Posted to solr-user@lucene.apache.org by Andrew Nagy <an...@villanova.edu> on 2006/12/07 21:23:47 UTC
Facet Performance
In September there was a thread [1] on this list about heterogeneous
facets and their performance. I am having a similar issue and am
unclear as the resolution of this thread.
I performed a search against my dataset (492,000 records) and got the
results I am looking for in .3 seconds. I then set facet to true and
got results in 16 seconds and the facets include data that is not in my
result set, it is from the entire set. How do I limit the faceting to
my results set and speed up the results?
Thanks!
Andrew
[1] http://www.mail-archive.com/solr-user@lucene.apache.org/msg00955.html
Re: Facet Performance
Posted by Andrew Nagy <an...@villanova.edu>.
Erik Hatcher wrote:
> On Dec 8, 2006, at 2:15 PM, Andrew Nagy wrote:
>
>> My data is 492,000 records of book data. I am faceting on 4 fields:
>> author, subject, language, format.
>> Format and language are fairly simple as their are only a few unique
>> terms. Author and subject however are much different in that there
>> are thousands of unique terms.
>
>
> When encountering difficult issues, I like to think in terms of the
> user interface. Surely you're not presenting 400k+ authors to the
> users in one shot. In Collex, we have put an AJAX drop-down that
> shows the author facet (we call it name on the UI, with various roles
> like author, painter, etc). You can see this in action here:
In our data, we don't have unique authors for each records ... so let's
say out of the 500,000 records ... we have 200,000 authors. What I am
trying to display is the top 10 authors from the results of a search.
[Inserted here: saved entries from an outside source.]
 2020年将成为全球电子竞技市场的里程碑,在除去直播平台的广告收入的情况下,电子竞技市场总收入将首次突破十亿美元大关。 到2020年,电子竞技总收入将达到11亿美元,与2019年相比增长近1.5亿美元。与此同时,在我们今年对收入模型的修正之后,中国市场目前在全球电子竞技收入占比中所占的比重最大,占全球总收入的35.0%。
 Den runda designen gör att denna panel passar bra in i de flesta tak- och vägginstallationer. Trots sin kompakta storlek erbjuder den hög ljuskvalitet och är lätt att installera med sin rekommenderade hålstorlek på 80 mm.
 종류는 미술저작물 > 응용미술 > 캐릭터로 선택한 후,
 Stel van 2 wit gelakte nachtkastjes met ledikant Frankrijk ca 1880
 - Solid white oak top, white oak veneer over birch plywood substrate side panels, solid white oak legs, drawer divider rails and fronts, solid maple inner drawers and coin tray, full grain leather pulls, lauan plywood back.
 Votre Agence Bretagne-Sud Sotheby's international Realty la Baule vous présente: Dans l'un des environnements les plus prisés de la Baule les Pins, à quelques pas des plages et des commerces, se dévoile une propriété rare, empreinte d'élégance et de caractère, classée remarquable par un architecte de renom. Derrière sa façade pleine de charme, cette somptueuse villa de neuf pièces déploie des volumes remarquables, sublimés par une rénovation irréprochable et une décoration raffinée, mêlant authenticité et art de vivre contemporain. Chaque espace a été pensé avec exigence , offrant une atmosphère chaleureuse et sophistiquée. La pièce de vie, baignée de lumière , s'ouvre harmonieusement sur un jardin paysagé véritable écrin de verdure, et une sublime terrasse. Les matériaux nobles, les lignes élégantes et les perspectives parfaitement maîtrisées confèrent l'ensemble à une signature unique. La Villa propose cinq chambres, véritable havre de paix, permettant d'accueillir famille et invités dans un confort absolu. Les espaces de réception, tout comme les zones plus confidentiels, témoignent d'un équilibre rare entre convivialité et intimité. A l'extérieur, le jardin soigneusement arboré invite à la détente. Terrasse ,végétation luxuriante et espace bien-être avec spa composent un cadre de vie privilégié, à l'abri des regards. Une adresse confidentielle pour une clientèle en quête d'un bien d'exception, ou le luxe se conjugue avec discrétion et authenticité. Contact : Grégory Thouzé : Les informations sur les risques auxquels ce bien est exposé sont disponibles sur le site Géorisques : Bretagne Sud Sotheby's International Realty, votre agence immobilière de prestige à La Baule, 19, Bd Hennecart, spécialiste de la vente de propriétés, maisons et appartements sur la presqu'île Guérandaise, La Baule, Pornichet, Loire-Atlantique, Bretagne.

So I do a search for title:"Gone with the wind" and I would like to see
the top 10 matching authors from these results.
But no worries, I have written my own facet handler and I am now back to
under a second with faceting!
Thanks for everyone's help and keep up the good work!
Andrew
Re: Facet Performance
Posted by Erik Hatcher <er...@ehatchersolutions.com>.
On Dec 8, 2006, at 2:15 PM, Andrew Nagy wrote:
> My data is 492,000 records of book data. I am faceting on 4
> fields: author, subject, language, format.
> Format and language are fairly simple as their are only a few
> unique terms. Author and subject however are much different in
> that there are thousands of unique terms.
When encountering difficult issues, I like to think in terms of the
user interface. Surely you're not presenting 400k+ authors to the
users in one shot. In Collex, we have put an AJAX drop-down that
shows the author facet (we call it name on the UI, with various roles
like author, painter, etc). You can see this in action here:
http://www.nines.org/collex
type in "da" into the name for example. I developed a custom request
handler in Solr for returning these types of suggest interfaces
complete with facet counts. My code is very specific to our fields,
so its not usable in a general sense, but maybe this gives you some
ideas on where to go with these large sets of facet values.
Erik
Re: Facet Performance
Posted by Yonik Seeley <yo...@apache.org>.
On 12/8/06, J.J. Larrea <jj...@panix.com> wrote:
> Unfortunately which strategy will be chosen is currently undocumented and control is a bit oblique: If the field is tokenized or multivalued or Boolean, the FilterQuery method will be used; otherwise the FieldCache method.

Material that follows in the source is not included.